Packed bed cold storage integrates a large number of phase change materials (PCMs) in a low-cost way, improves heat transfer performance by providing a larger heat transfer surface, and is considered a promising energy storage method in the field of air conditioning. However, PCM based on eutectic salt is often used for single-stage cold storage packed bed, which has poor cold storage performance and inferior stability. In this paper, the modified PCMs based on Na2SO4·10H2O with solidification temperatures of 5.11 °C, 7.06 °C, and 12.89 °C were proposed for multi-stage packed bed cold storage, and the formula of the material was modified and tested to improve the stability. The test showed that preheating before utilization can further reduce the subcooling degree caused by the freeze–thaw cycle. Through the CFD simulation of the established multi-stage packed bed model containing cylindrical encapsulated capsules, the cold storage capacity of a multi-stage packed bed with different PCMs filling ratios was compared.
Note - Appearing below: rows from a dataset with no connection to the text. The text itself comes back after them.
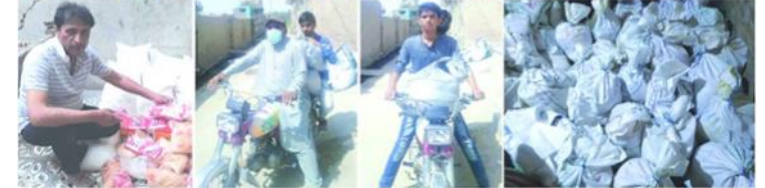
2010ع جي مها ٻوڏ، 2020ع ۾ ڪورونا ۽ مختلف وقتن تي متاثرن جي مدد دوران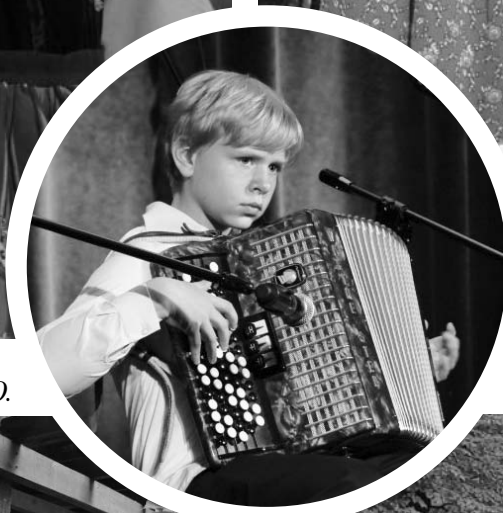
Zakończenie Festiwalu - koncert „NieOSTATNI AKORDeon”.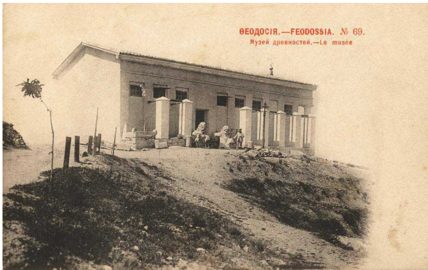
Людвиг Колли перед музеем в Феодосии

Auteur: Лейла Бабаева, Феодосия , 20.04.2011.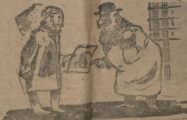
მამლდინი—აი ბატონო, ამ კონკრა სახლს, რომელიც მდებარეობს სხამოლის ვანაპირა უბანში, ვავაფორმებთ შქვეწმწახსებზე.

სახლს პატრონი—შეგდართოდლინი სახლი ამ ქუჩის ვადაცდელაო მამლდინი—აროვარც ვიჭირდებ, ისე ვიღირ-დესო—ჩაბეგინა,—სანავიტირად იქ უმეზრად იქნებო.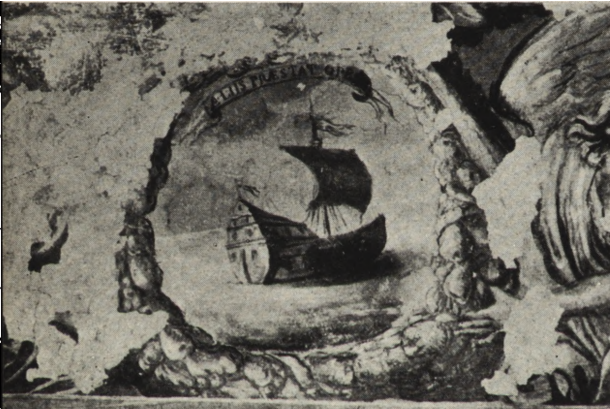
Ryc. 164—165. Kraków — sala skarbcza Arcybactwa Miłosierdzia. Fragment polichromii przed i po konserwacji.

Dopełnieniem tej polichromii i urządzenia wnętrza tak pod względem artystycznym jak i ideowym jest dekoracja malarzka szaf depozytowych, ustawionych wzdłuż trzech ścian (z wyjątkiem okiennej). Tworzą one jednolitą kompozycję o charakterze boazerii, podzielonej hermo-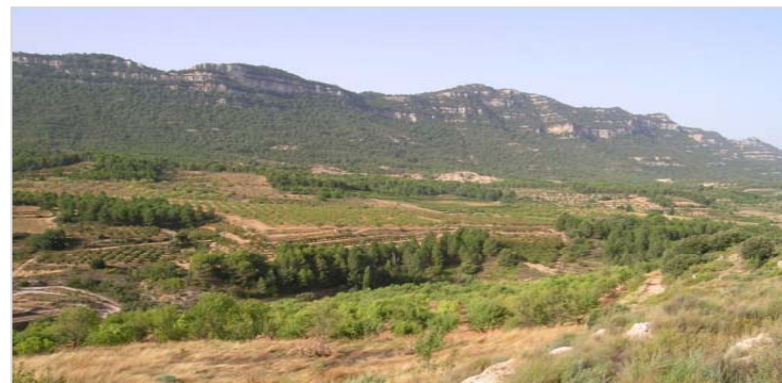
La Vall del Silenci, des de la C-242. Als fondals hi sovintegen els conreus de cereals i fruiters de secà, mentre que un bosc espès de pins de muntanya i caducifolis cobreix l'obaga d'Ulldemolins, al fons.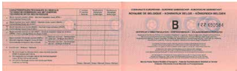
Inschrijvingsbewijs vanaf 1 september 2013

Inschrijvingsbewijs 2011- september 2013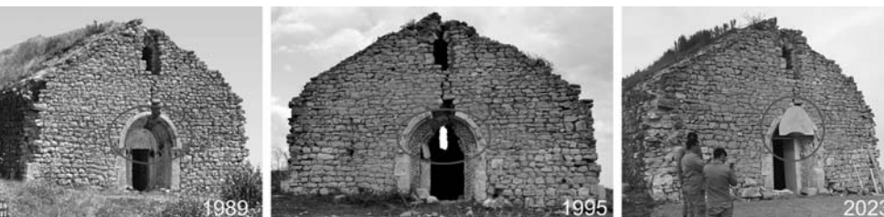
Նա լուսանկարներ հրատարակելով վանքի:

«Հ. Լուսանկարներում վանքի շքամուտքի արձանագրությունը մինչև ոչնչացումը, ոչնչացումից հետո և սկզբում անճանկ մի այլ ֆախի սկզբնական հենք»,- գրել է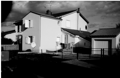
Les transformations de l'habitat : extensions (rajout de volume), embellissement du jardin (pelouses, terrasse...), nouveau traitement des clôtures, etc.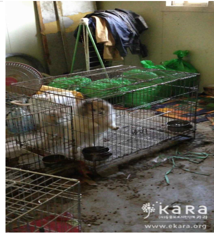
[사진43]상무농장 내부 견사 1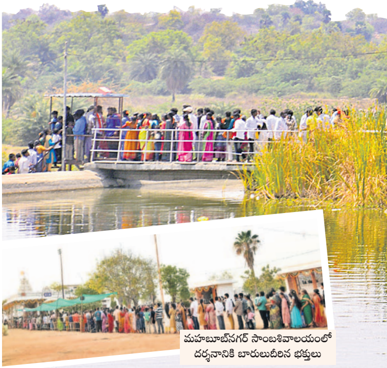
మహాబూబ్ నగర్ సాంబశివాలయంలో దర్శనానికి బారులుదీరిన భక్తులు

కొల్హాపూర్, మార్చి 8 : భక్తుల శివనామస్మరణతో సోమశిల క్షేత్రం పులకించిపోయింది. శివ శివ శంకరా.. భక్తవంశకరా.. శంభో హరహర నమోనమో.. అంటూ లలితా సోమేశ్వరస్వామి అలయంలో మార్గోగింది. సోమేశ్వరాలయంలో రుద్రాభిషేకాలు, కుంభమార్చనలు, అలంకరణ, లలితాదేవికి ప్రత్యేక పూజలు చేశారు. కొల్హాపూర్ నుంచి ప్రత్యేక బస్సులను నడిపించారు. మహిళలు పెద్దపత్తుల సోమశిలకు తరలిరాగా.. అలయ ప్రాంగణం కిటికీ బలాడింది. సప్తనదిలో కృష్ణ, వేణి, తుంగ, భద్ర, మలవలసాణి, భీమావతి, భవనానీ కొందరు పుణ్యస్నానాలు ఆచరించారు. కొందరు మహిళాకుటుంబాల్లో గంగాదేవి ప్రతిమలను తయారుచేసి పూ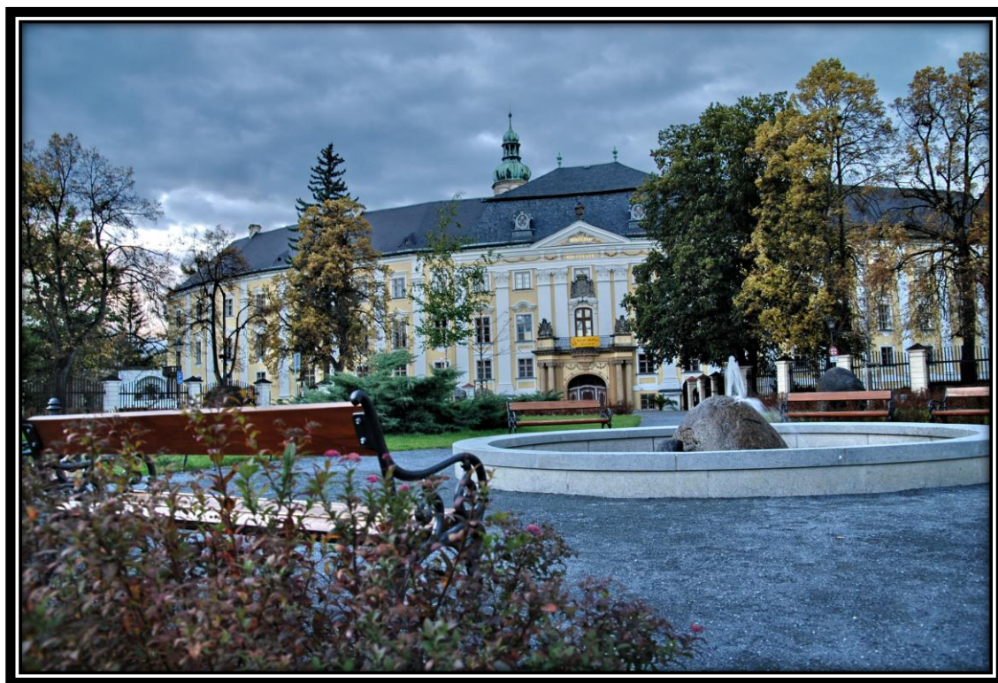
Foto z pohledu TPR v Bruntále.

Results show that the cold storage density of the multi-stage packed bed with the filling ratio of 4:2:4 (PCM1:PCM2:PCM3) is 7.3 % higher than that of the single-stage packed bed, and the cold storage capacity can meet the emergency cooling demand of the air conditioner for at least one hour. This study provides a theoretical basis for the feasibility of the proposed modified eutectic salt PCM applied to multi-stage packed bed cold storage for air conditioning conditions.